In the entries below, begin at the line that has "KHANEWAL | |||", stop after the line that has "(¬1) الحديث في", and output those lines exactly with no pictures.

> _Data under study_:

■ ■ ■ ■ ■ ■ ■

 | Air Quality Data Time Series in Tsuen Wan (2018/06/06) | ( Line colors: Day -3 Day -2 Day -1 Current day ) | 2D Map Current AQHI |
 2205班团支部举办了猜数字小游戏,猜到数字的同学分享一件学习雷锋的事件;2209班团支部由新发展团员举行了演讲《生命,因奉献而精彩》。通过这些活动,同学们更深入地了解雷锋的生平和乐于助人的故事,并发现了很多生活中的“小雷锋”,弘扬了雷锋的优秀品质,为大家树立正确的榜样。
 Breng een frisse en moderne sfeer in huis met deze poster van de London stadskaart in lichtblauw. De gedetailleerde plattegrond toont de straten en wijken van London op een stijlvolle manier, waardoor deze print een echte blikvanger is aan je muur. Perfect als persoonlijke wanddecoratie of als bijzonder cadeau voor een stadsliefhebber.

■ ■ ■ ■ ■ ■ ■

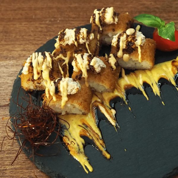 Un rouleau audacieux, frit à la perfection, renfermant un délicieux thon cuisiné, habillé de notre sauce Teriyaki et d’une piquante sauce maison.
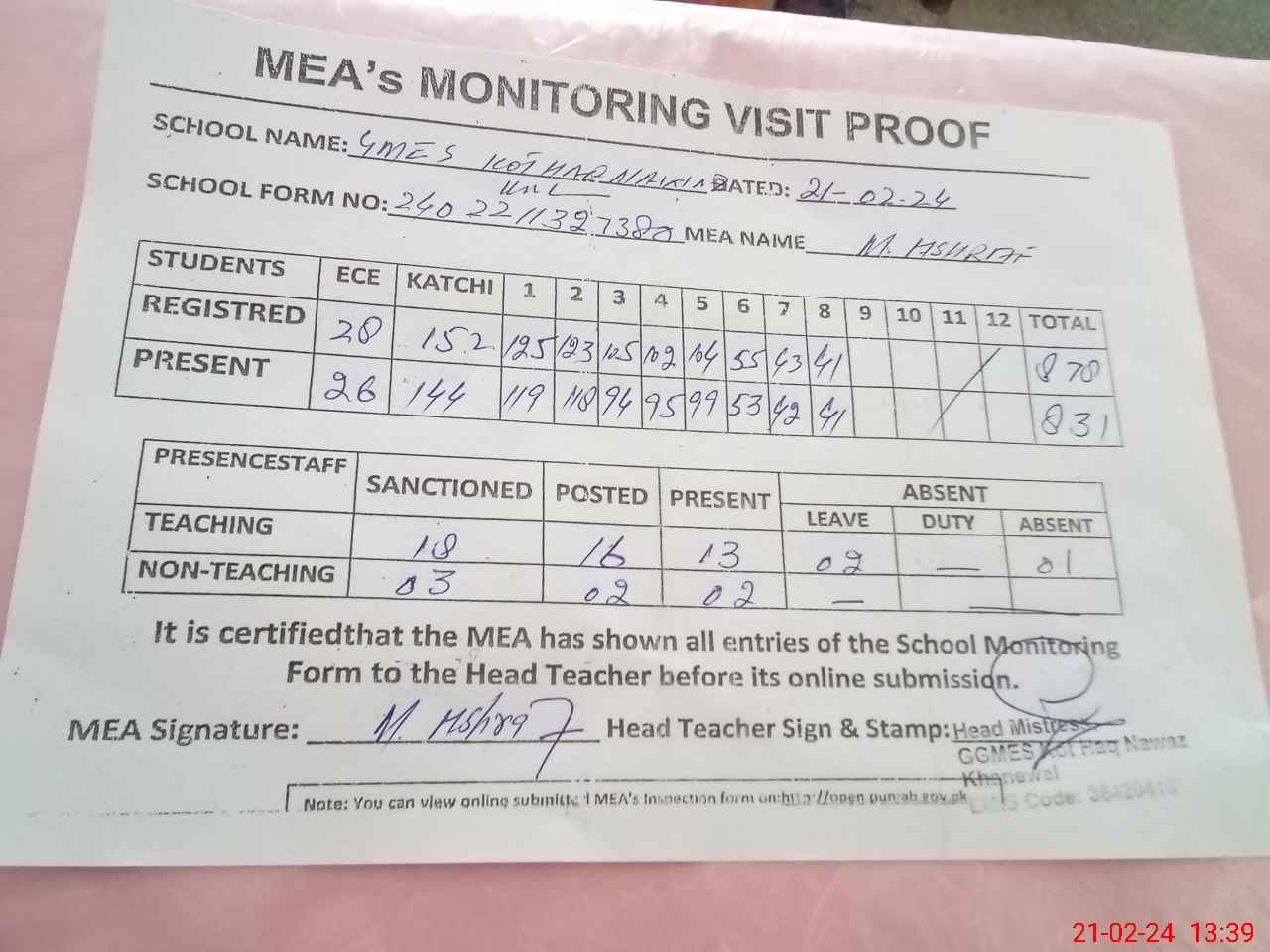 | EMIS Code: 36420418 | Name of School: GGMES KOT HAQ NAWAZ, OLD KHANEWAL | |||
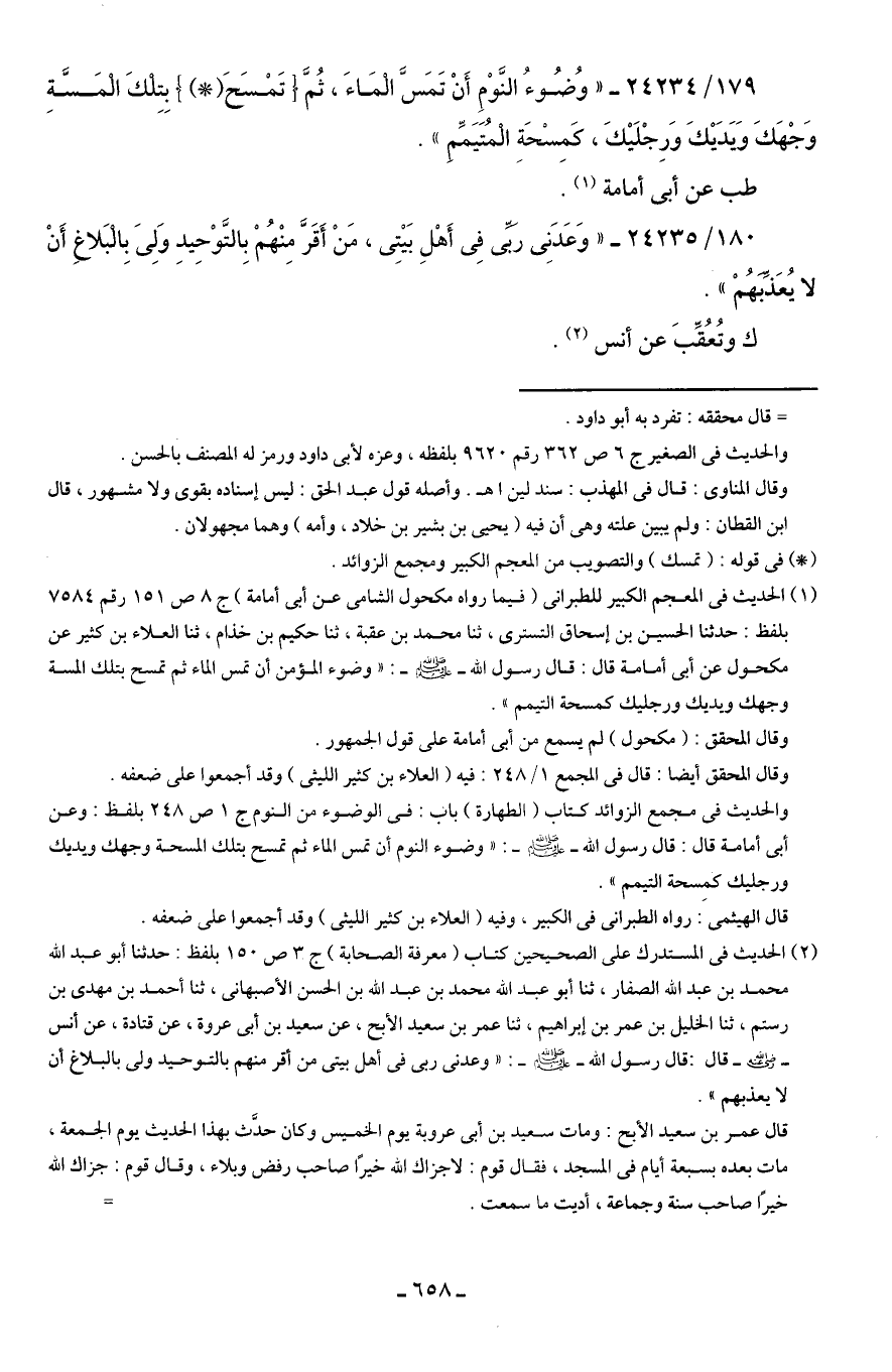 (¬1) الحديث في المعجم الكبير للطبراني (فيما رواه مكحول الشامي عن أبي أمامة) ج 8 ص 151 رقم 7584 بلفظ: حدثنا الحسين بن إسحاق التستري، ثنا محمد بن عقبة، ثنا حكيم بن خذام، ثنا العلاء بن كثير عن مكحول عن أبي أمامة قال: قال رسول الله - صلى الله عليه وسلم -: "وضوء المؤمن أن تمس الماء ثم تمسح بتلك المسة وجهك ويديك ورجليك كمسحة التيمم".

■ ■ ■ ■ ■ ■ ■

> _Written answer_:
 | EMIS Code: 36420418 | Name of School: GGMES KOT HAQ NAWAZ, OLD KHANEWAL | |||
 (¬1) الحديث في المعجم الكبير للطبراني (فيما رواه مكحول الشامي عن أبي أمامة) ج 8 ص 151 رقم 7584 بلفظ: حدثنا الحسين بن إسحاق التستري، ثنا محمد بن عقبة، ثنا حكيم بن خذام، ثنا العلاء بن كثير عن مكحول عن أبي أمامة قال: قال رسول الله - صلى الله عليه وسلم -: "وضوء المؤمن أن تمس الماء ثم تمسح بتلك المسة وجهك ويديك ورجليك كمسحة التيمم".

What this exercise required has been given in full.